--- What you will do ---
Look through the entries below and copy exactly the part that begins with the line containing "日前,交通运输部、市场监管总" and ends with the line containing "İYİ Parti’nin Bursa". Do not copy the pictures.

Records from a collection
"""
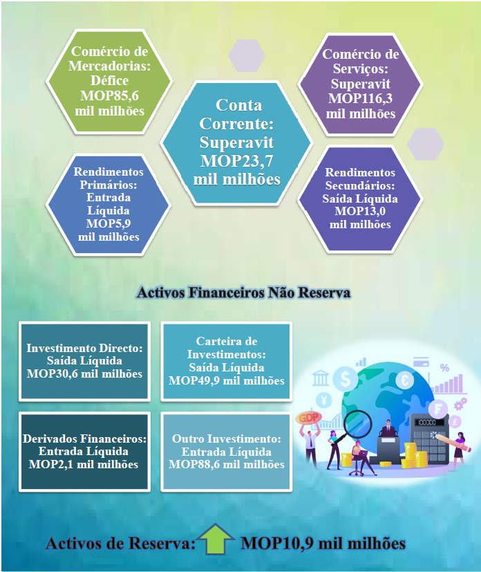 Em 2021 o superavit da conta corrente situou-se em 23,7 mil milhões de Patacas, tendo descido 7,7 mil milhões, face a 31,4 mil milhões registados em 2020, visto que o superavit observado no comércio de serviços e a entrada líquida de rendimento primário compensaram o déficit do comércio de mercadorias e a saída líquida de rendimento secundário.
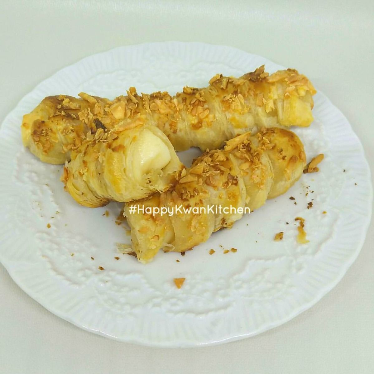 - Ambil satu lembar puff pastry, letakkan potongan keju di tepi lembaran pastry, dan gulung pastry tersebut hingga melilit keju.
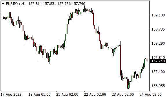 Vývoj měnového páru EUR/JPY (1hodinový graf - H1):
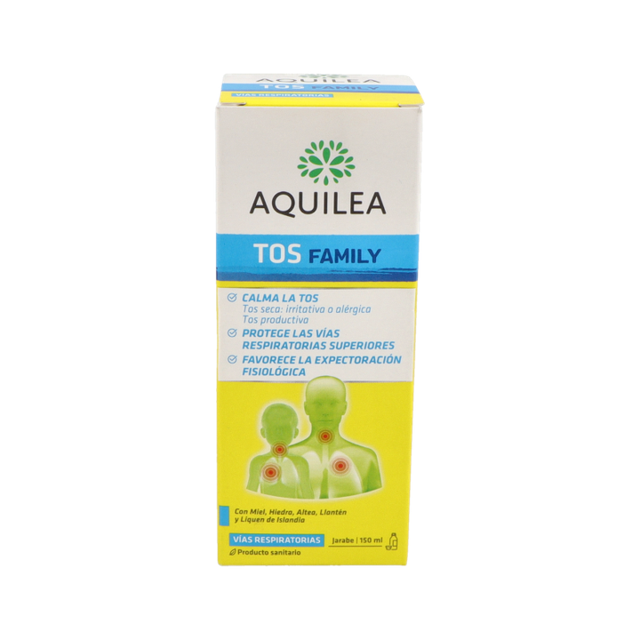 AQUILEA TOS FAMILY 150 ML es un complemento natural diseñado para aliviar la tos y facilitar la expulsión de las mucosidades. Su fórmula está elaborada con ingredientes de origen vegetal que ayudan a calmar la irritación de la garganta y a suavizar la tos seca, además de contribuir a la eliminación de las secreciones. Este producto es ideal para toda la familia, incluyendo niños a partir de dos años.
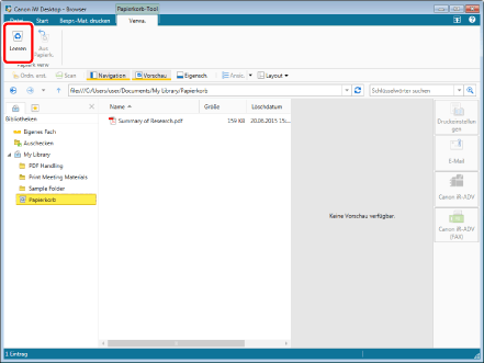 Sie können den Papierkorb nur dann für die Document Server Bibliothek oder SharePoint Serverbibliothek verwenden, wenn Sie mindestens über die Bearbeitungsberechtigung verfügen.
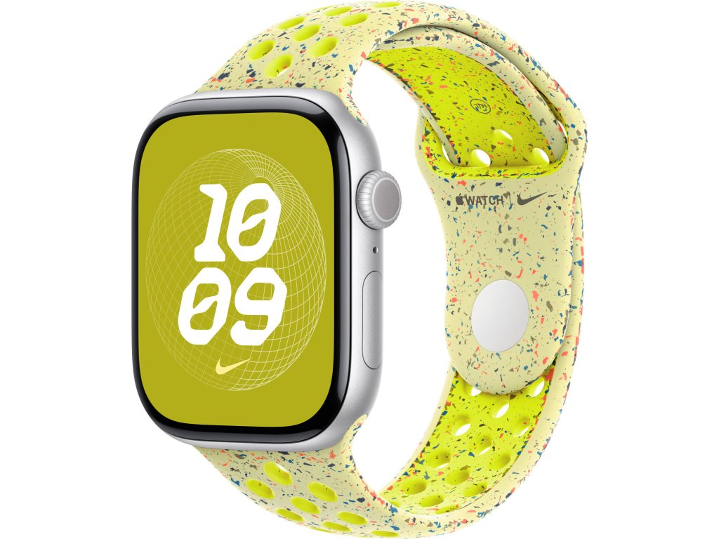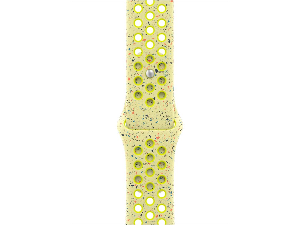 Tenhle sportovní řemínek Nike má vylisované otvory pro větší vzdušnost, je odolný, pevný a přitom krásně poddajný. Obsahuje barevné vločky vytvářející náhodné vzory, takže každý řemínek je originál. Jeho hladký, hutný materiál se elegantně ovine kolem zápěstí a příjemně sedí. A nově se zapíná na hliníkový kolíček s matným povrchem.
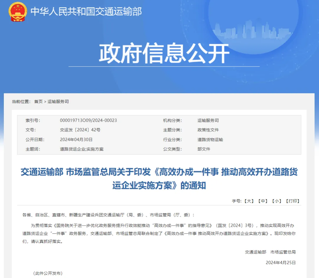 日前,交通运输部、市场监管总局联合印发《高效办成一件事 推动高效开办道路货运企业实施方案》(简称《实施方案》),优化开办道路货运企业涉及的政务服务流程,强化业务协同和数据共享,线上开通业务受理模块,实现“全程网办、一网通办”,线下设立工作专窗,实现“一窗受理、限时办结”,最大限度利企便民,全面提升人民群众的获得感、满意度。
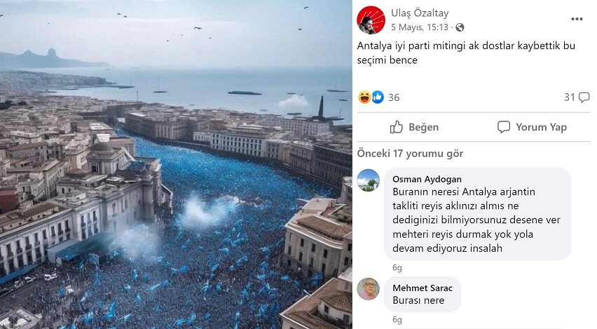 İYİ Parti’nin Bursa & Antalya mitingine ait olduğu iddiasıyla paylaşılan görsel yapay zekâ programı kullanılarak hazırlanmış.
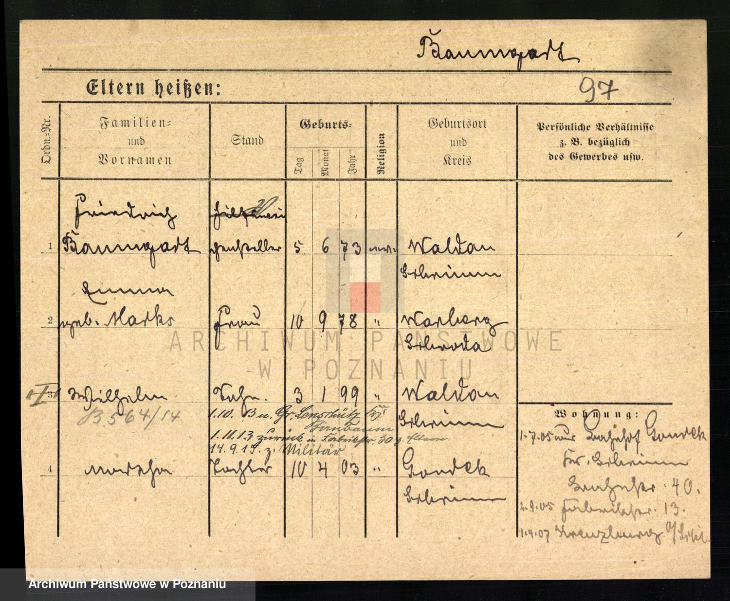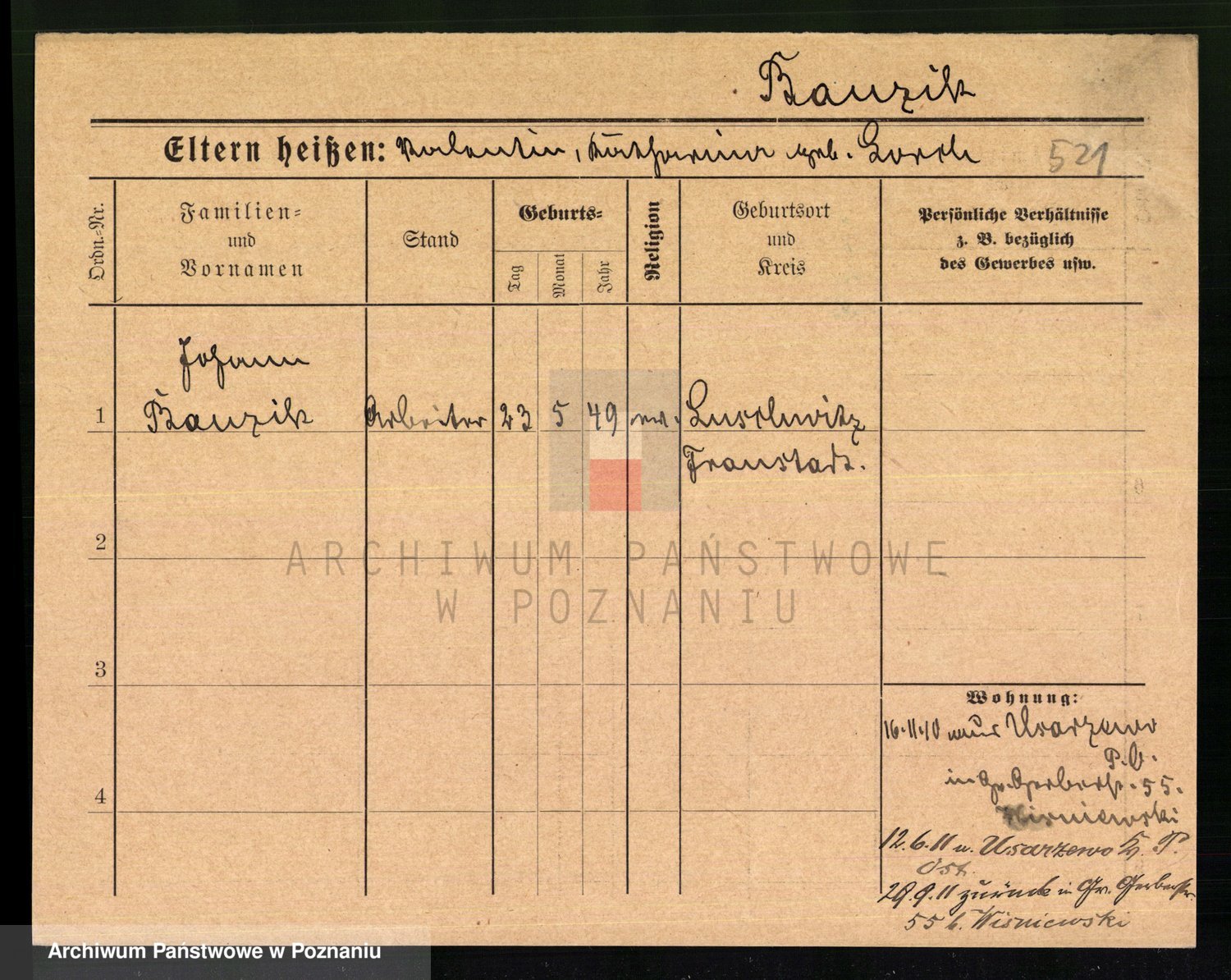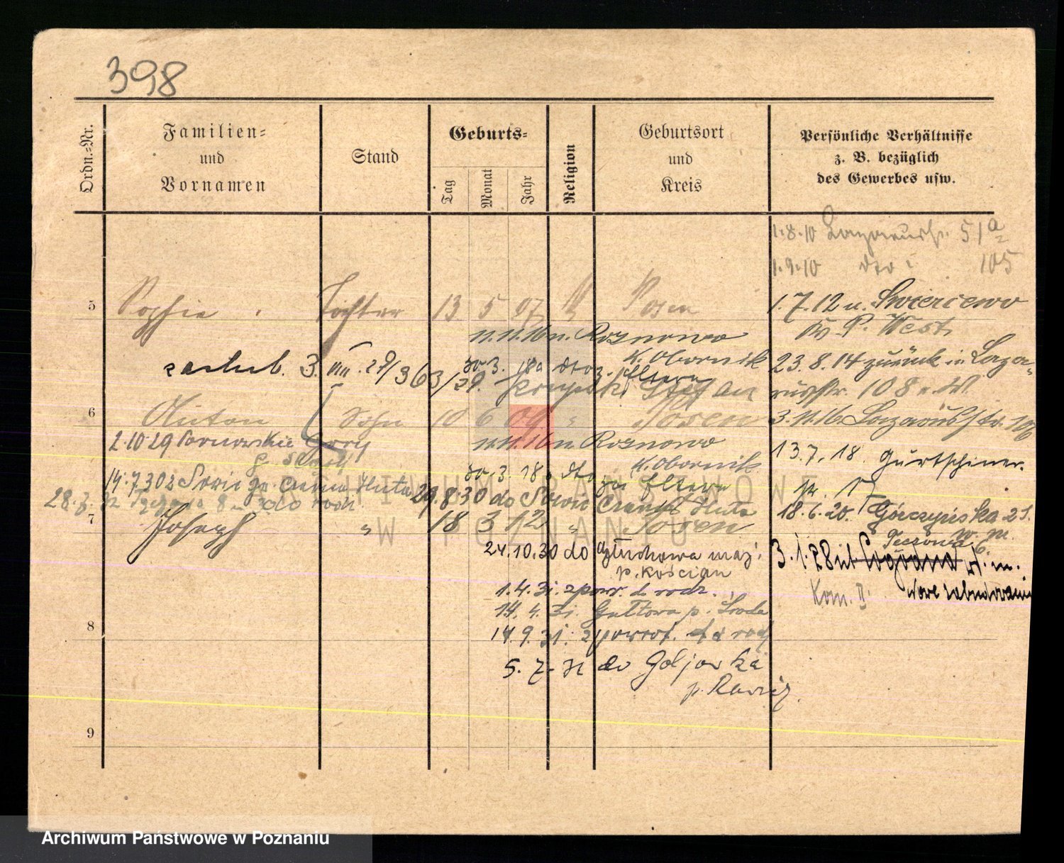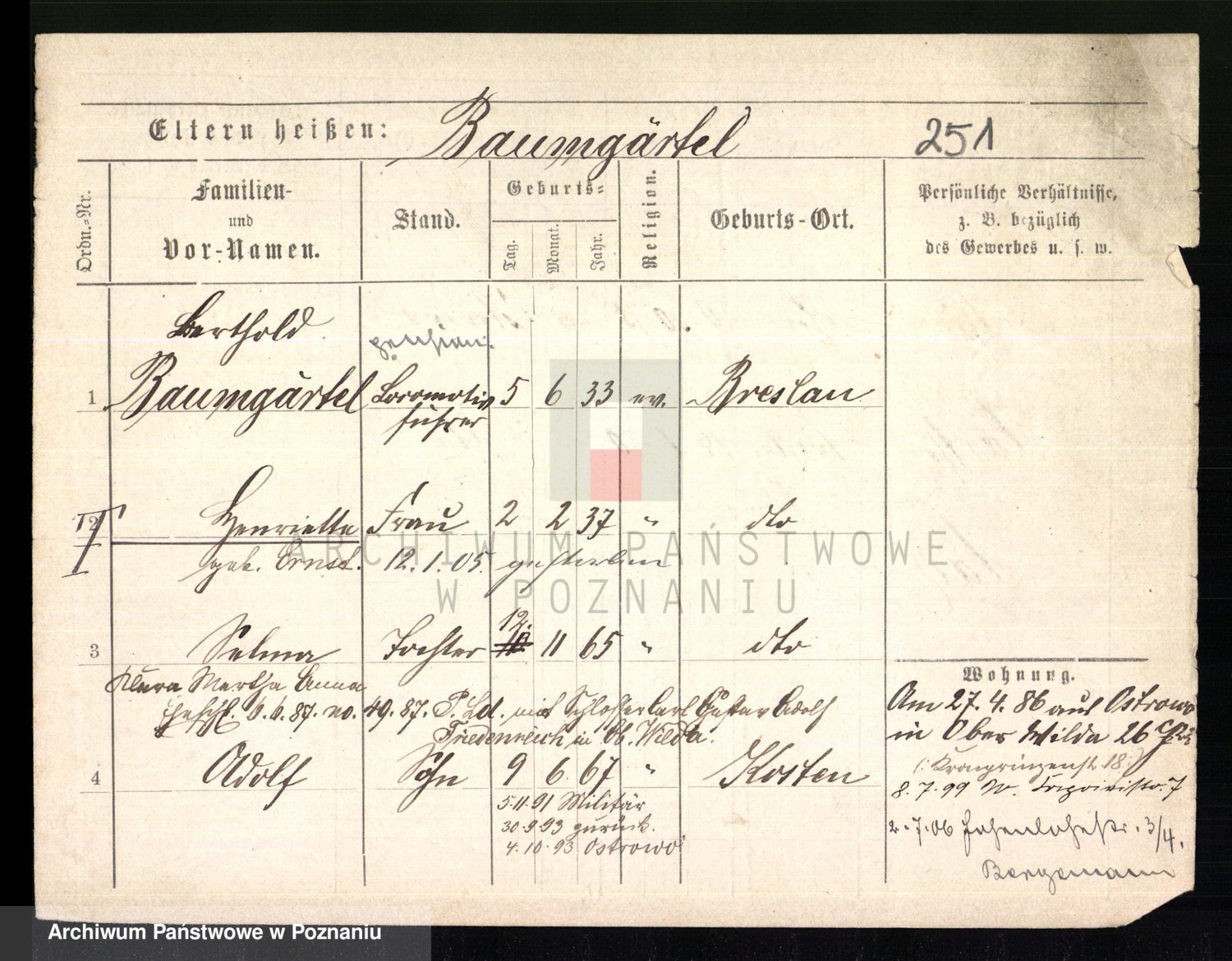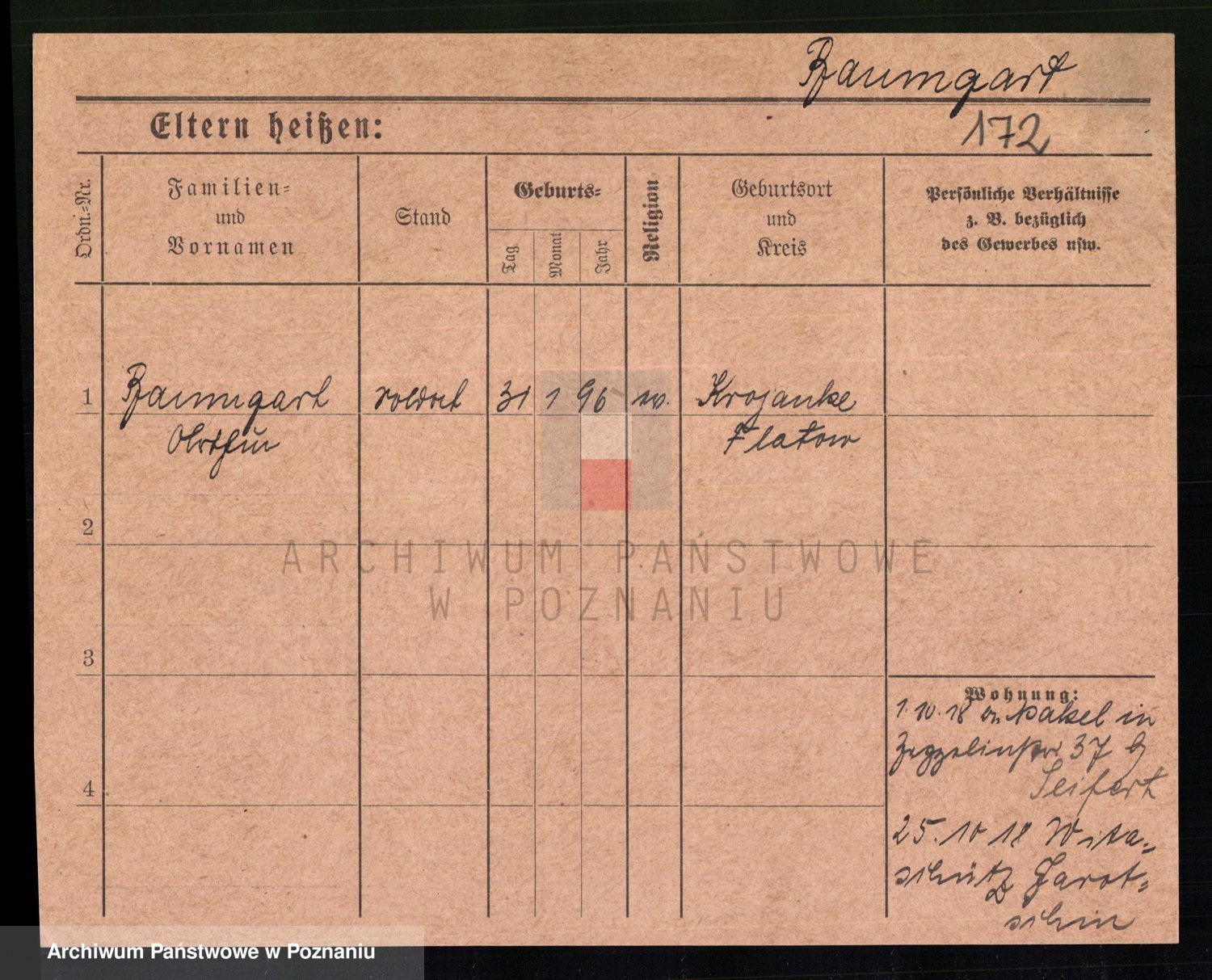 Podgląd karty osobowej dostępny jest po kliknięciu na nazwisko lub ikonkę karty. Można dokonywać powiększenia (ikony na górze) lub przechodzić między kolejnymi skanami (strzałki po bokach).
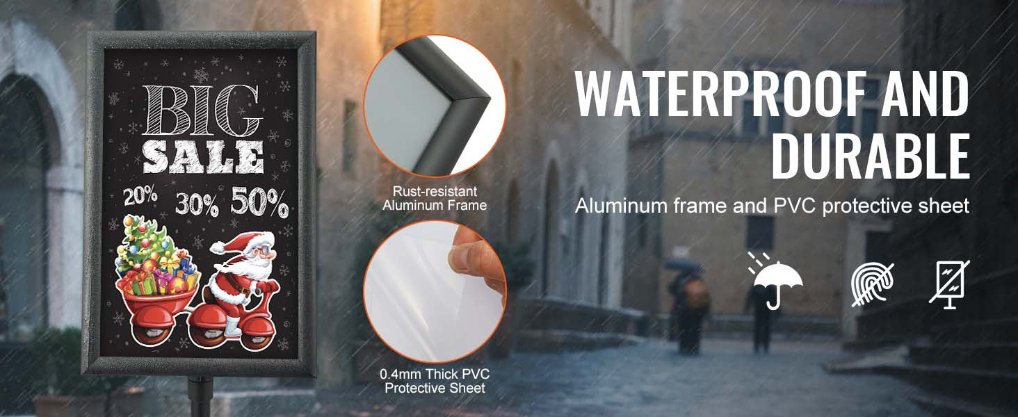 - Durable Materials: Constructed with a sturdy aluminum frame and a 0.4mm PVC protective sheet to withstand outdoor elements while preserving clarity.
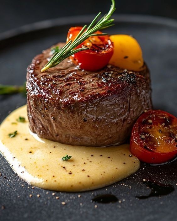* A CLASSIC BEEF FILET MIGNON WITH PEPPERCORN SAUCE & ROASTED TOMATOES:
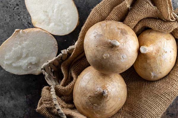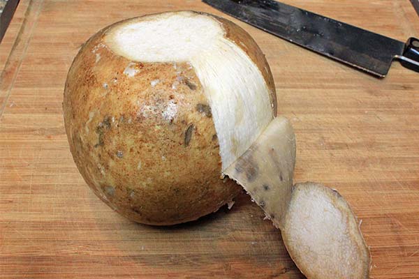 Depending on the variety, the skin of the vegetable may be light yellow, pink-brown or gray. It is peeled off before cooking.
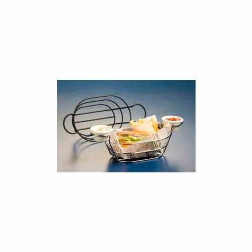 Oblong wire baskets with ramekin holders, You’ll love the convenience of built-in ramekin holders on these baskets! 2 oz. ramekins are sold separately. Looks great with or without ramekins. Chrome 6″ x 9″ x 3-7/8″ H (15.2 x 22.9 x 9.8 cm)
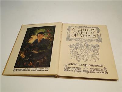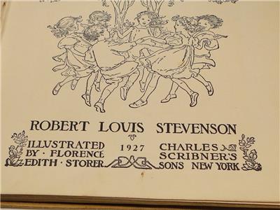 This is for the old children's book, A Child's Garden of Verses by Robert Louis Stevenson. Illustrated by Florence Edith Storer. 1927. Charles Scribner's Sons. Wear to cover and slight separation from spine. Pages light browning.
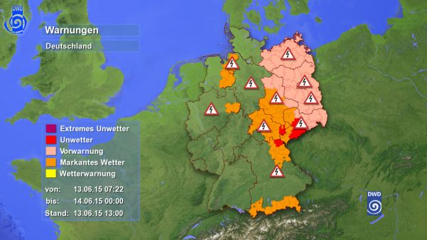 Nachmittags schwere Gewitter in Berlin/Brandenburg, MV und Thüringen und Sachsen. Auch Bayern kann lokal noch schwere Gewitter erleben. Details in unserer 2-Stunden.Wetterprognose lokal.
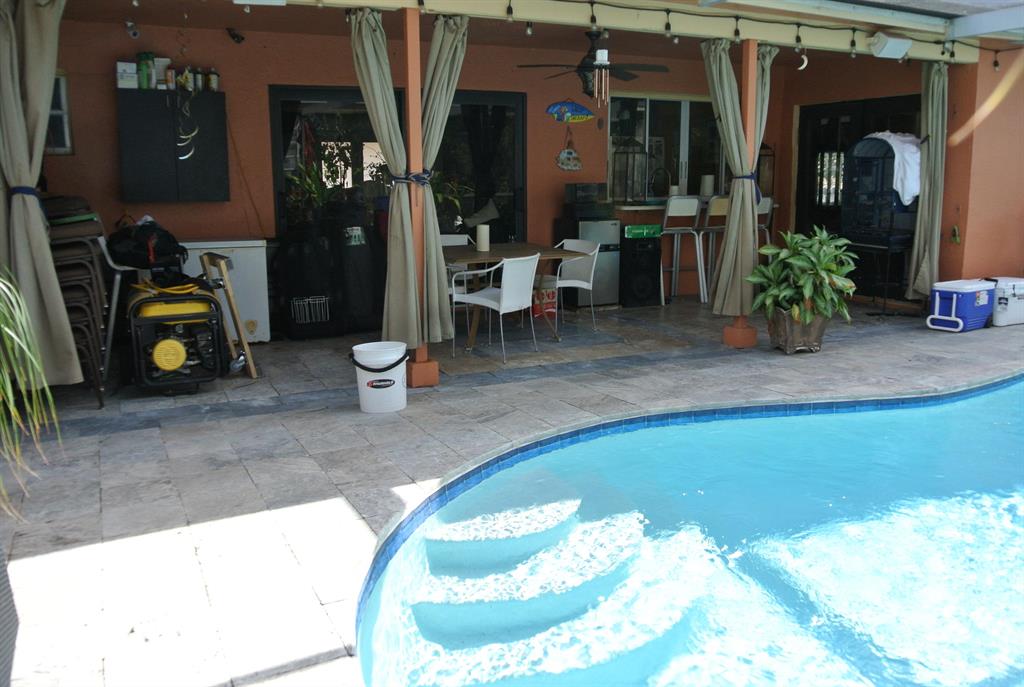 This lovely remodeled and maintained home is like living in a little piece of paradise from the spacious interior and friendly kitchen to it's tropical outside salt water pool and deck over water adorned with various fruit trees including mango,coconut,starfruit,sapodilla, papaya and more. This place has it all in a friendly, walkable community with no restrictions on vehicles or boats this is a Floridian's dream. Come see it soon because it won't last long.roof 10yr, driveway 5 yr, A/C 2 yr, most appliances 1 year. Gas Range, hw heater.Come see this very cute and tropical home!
"""
--- Exercise result ---
 日前,交通运输部、市场监管总局联合印发《高效办成一件事 推动高效开办道路货运企业实施方案》(简称《实施方案》),优化开办道路货运企业涉及的政务服务流程,强化业务协同和数据共享,线上开通业务受理模块,实现“全程网办、一网通办”,线下设立工作专窗,实现“一窗受理、限时办结”,最大限度利企便民,全面提升人民群众的获得感、满意度。
 İYİ Parti’nin Bursa & Antalya mitingine ait olduğu iddiasıyla paylaşılan görsel yapay zekâ programı kullanılarak hazırlanmış.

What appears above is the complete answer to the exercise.